In 1991, Social Security’s full retirement age (FRA) was 65, yet the average retirement age in the U.S. was 57. Today, FRA hovers around 67 with the average American retiring at 62.
According to North American Community Hub Statistics (NCHstats), a source of health data, there’s a gap between the expected age of retirement (67) and the actual age (62), often due to health issues, caregiving needs, and layoffs. In other words, despite the desire a person may have to maximize their Social Security benefits, life can get in the way.
Unfortunately, there is no one-size-fits-all answer. The best time for you to retire may differ significantly from the ideal time for a friend, coworker, or family member. What matters is when you’re ready to retire.

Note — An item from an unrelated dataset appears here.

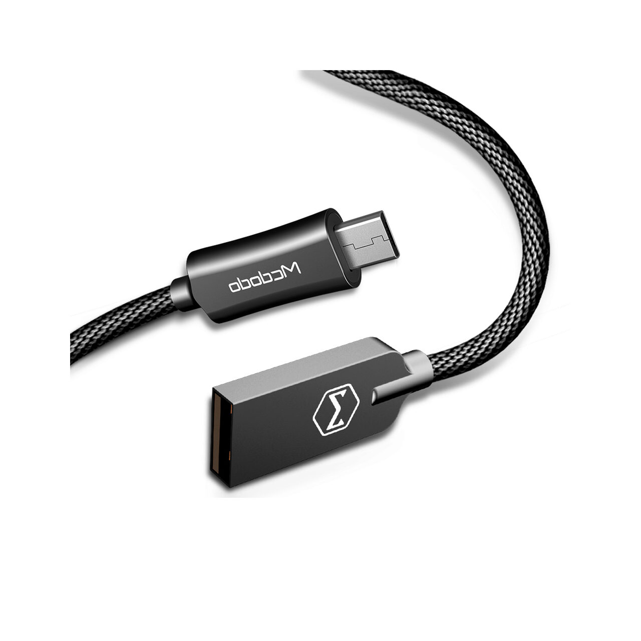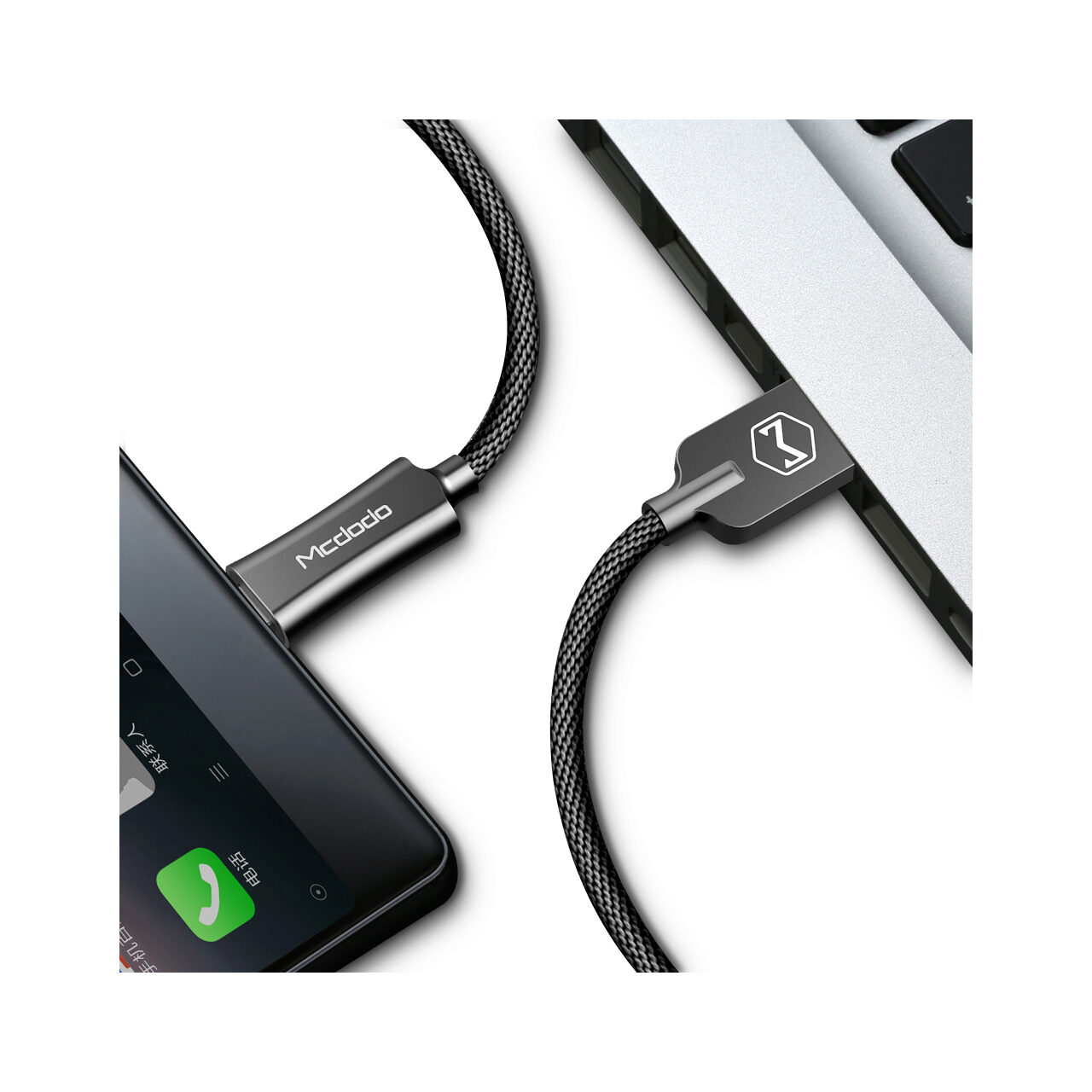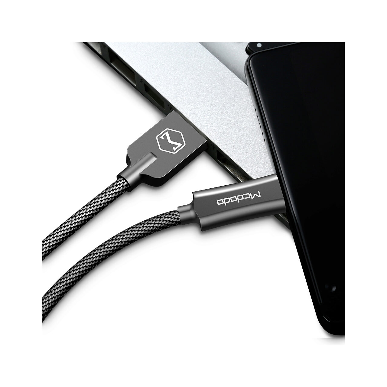 Cablul Knight MicroUSB de la Mcdodo are lungimea de 1.5 metri, este acoperit cu o impletitura de nylon, iar mufele au o carcasa din aliaj de zinc ce ofera un aspect elegant dar si o rezistenta sporita la utilizarea de zi cu zi.

For example, suppose you’re the primary earner in your family, and you have a spouse and children who depend on you for financial support. If that’s the case, you may want to maximize the amount they’re eligible to collect in survivors benefits by waiting to retire at FRA or later. Survivors benefits entitle your dependents to continue receiving a percentage of the benefit you were collecting (or would have qualified for) at the time of your death. By retiring earlier, you reduce the amount your family will collect after your passing.

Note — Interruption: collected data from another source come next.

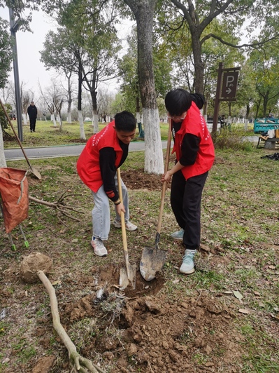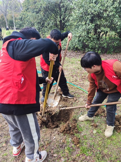 活动现场,同学们分工协作、干劲十足,大家一起挥锹铲土、搬运树苗,扶正苗木、倒水浇树,展现出了一片热火朝天的劳动景象。在默契配合下,不一会儿,一排排新植的树苗昂然挺立在山头,在和煦的微风中萌发盎然生机,为蜀山森林公园又添一抹绿意与活力。
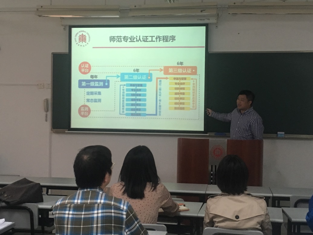 首先,江文正老师传达了《教育部关于狠抓新时代全国高等学校本科教育工作会议精神落实的通知》精神,并指出在学风教风建设成果的基础上,严格过程管理,紧紧抓住核心环节,构建振兴本科的长效机制和制度保障。与此同时,围绕师范专业认证,江老师向各位老师解读了师范专业认证标准,介绍了师范专业认证工作的重要意义及相关工作安排。师范专业认证将以学生发展为中心,以培养目标和毕业要求为导向,通过课程与教学、合作与实践、师资队伍和支持条件等方面进行支撑,并形成强有力的质量保障体系,进而实现培养什么样的人,如何培养人。最后,为了按时保质推进师范专业认证工作,江文正老师明确了各必修课程负责人的工作要点和时间节点,并就自评报告的撰写、课程大纲的修订和课程目标达成情况的评价方法等进行了说明。
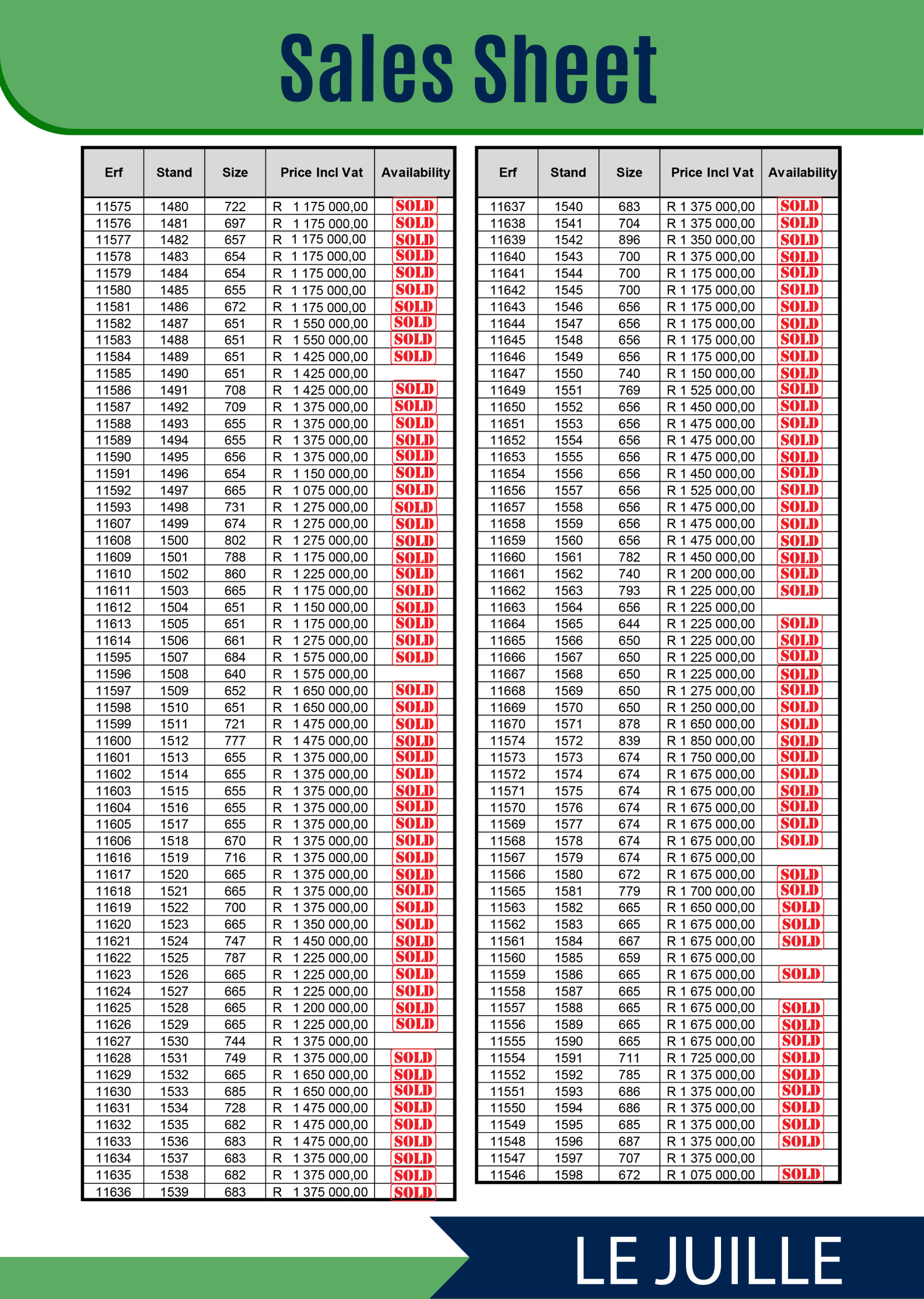 *Please note that updates to the Site Map and Sales Sheet occur periodically throughout the day,
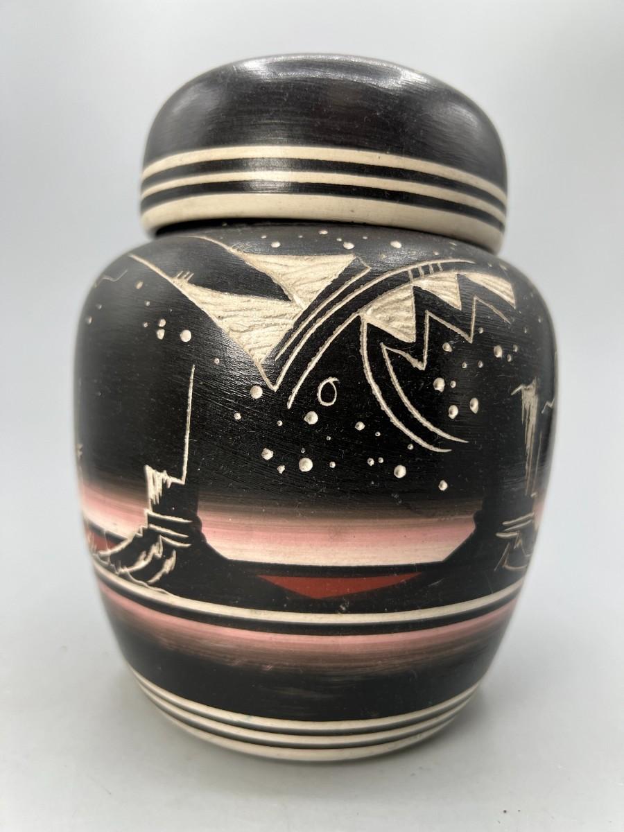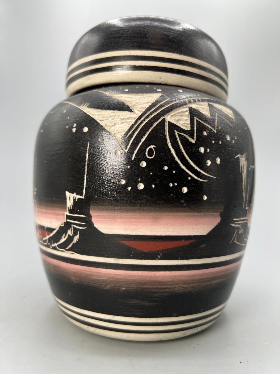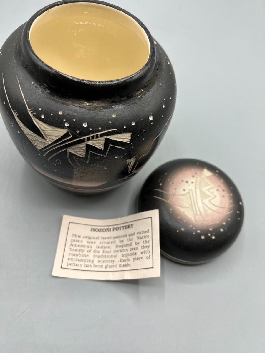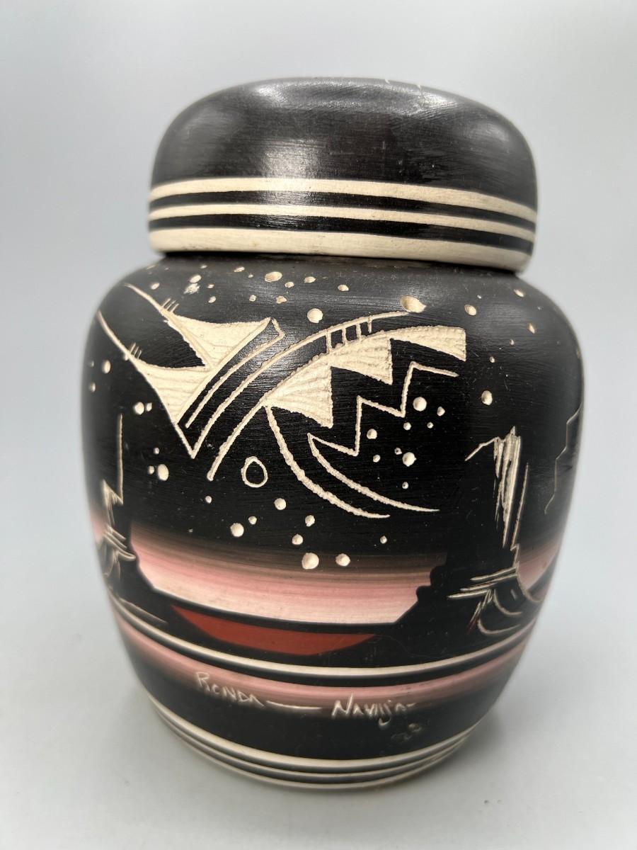 Original Hozoni Pottery Art Native American Ronda Navajo Ginger Jar Urn Style Lidded Vase

Meanwhile, someone with health complications may decide they want to file for Social Security much sooner. With a shorter life expectancy, they’re more likely to maximize what they get from the program with an early claim.

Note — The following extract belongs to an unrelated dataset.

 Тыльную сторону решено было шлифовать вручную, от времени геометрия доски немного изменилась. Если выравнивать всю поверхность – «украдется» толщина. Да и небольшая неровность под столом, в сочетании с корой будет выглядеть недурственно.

The ideal age for you depends mainly on factors like your financial needs, health, and overall retirement goals. Here are a few more scenarios to consider.
Early retirement: You can begin collecting benefits as early as 62, but the sooner you file, the smaller your benefit will be. However, if you need the income to actually retire, 62 may be right for you.
Full retirement age (between 66 and 67): Waiting until this age allows you to receive your full benefit. If you retire before this point, you’ll need to rely exclusively on your retirement savings to cover your expenses for a few years. For many people, waiting until FRA may be just right.
Delayed retirement: If you can put off claiming benefits until age 70, you’ll receive the maximum amount possible based on your work history. This could be the right move if you had a late start saving for retirement, live in a high-cost-of-living area, or want to hold onto more of your savings in order to pass it down to your heirs.